MLJ: Babe Face, Negro Casas, Rambo b Villano I, Villano IV, Villano V

1992-03-06 @ Arena Neza
Babe Face, Negro Casas, Rambo b Villano I, Villano IV, Villano V


I was in a Villanos mood still, and looking through the various things decadas80s90s2000 has posted over the years and found this. There's a lot of stuff on there which isn't easy to search for on youtube or catalog. I found a number of things I want to get to at some point. This may not have been the best choice. It was fun disposable lucha, but I wanted to see some more 92 Casas in a match that isn't one of his hyped ones.

This was something of a trainwreck with lots of feeding and lots of bumps, lots of ducked moves and lots of counters. There was some shine at the beginning and some heat in the middle but it was really just a constant flow of action. I'd say that the entire rudo side delivered in one way or another here, though Babe Face the least. He had to be getting up there in age by this point and it showed. That said, he had some great comedic sells and at least an attempt of a few bumps. He was just a half step behind everyone else. Rambo, on the other hand, was a blast. I need to see more of him. He was an amazing cheerleader on the outside and his offense is just so offbeat and novel. It's not that it's well executed or brilliant or anything, but he just has a way of using his body as a weapon that fits his scummy, over the top character perfectly. I need to see more of him. He came off like the perfect Mocho Cota partner here.
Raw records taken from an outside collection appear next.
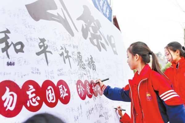 12月13日,学生在“和平许愿墙”写下和平心声。当天是第十个南京大屠杀死难者国家公祭日,通道侗族自治县礼雅小学开展“国家公祭日,圆梦中华”系列爱国主义教育,引导学生铭记历史,珍爱和平。
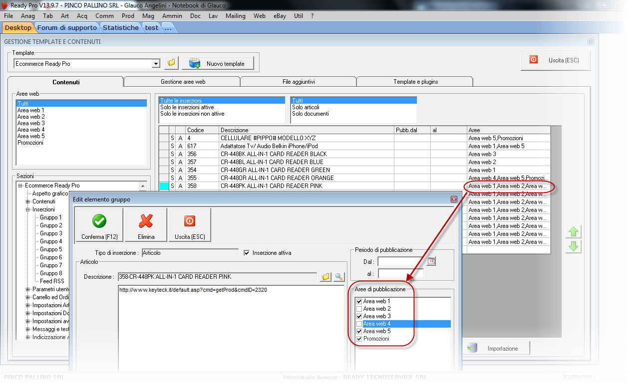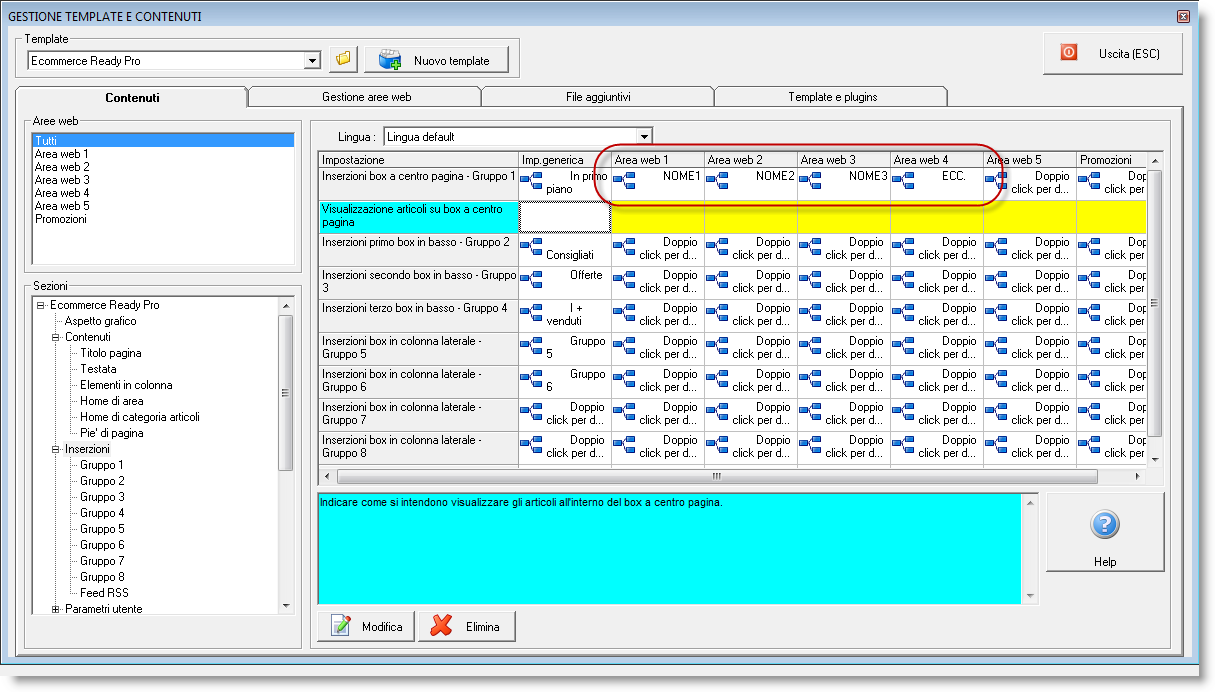 Salve, fino a quell'operazione ci sono arrivato anche da solo, ma forse la mia domanda, come giustamente hai puntualizzato è stata poco chiara. Provo a riformularla : C'è la possibilità di avere enne (n) gruppi d'inserzione in base alle varie aree web che si ha la possibilità di inserire del sito ? Il problema NS è quello di poter avere un'area offerta dedicata e inerente alla tipologia di prodotti che ogni area web racchiude. Quindi avendone oltre il VS fatidico 8 non troviamo il modo di inserirne altri. Spero di essermi spiegato e che mi sappiate dare una risposta.
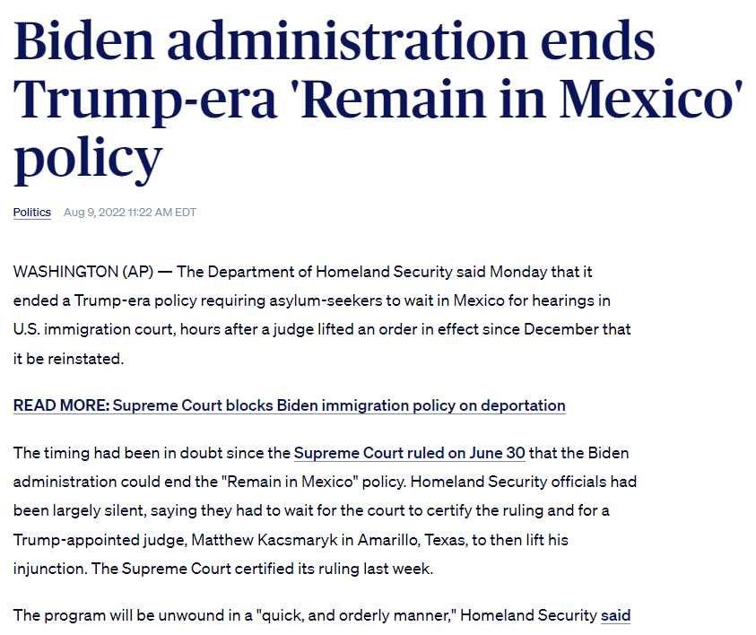 >>220283553>Biden had a policy where they'd remain in Mexico pending their caseYou mean the Trump policy that Biden ended? LOL
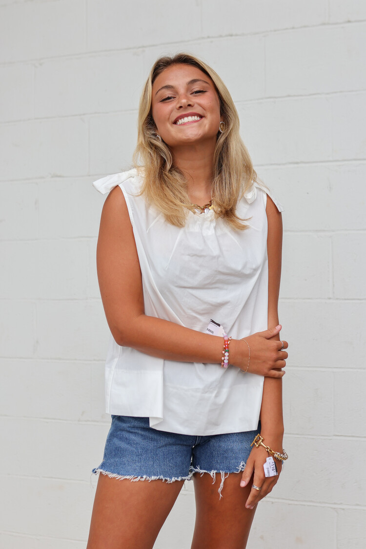 When a plain tee doesn’t quite cut it, we’ve got you covered. The Camille Ruffle Tee is a flirty-meets-relaxed cotton jersey design featuring a classic crew neckline, flutter sleeve detailing, and relaxed dropped shoulder.

Casas was above and beyond. One thing that amazes me, absolutely amazes me, is that you can watch a random Negro Casas trios and you will, maybe seven or eight times out of ten, see him do something you've never seen him do before. It almost always fits. It almost always makes sense. It almost always adds to the match. It never seems forced or contrived. It just seems like Casas wanted to do something different that night, to try inflicting pain a different way or to react differently. I'm not sure I've ever seen another wrestler like that. Here, he took the monkey flip bump to the floor, which I'm sure he must have done other times in this era. However, he also did a fun comedy spot where Rambo fell straight backwards, like a tree-falling senton, trying to break up a pin, and the Villano moved. Casas got his knees up to save himself and Rambo sold it like he was shot in the back by his own man. He also did a double corner clothesline (tried a corner clothesline on a Villano in the corner who got his arm up), which is one of those sort of no-brainer spots you've just never seen before. He added so much energy and excitement and motion and character to the match.

I had no context here, but it didn't matter. I'm glad to watch great rudos clowning and bumping and bullying for super tecnicos and it's always great to see near-prime Casas. He could do almost everything he does now in adding meaning and purpose and character to a match but he could do all the more athletically back then.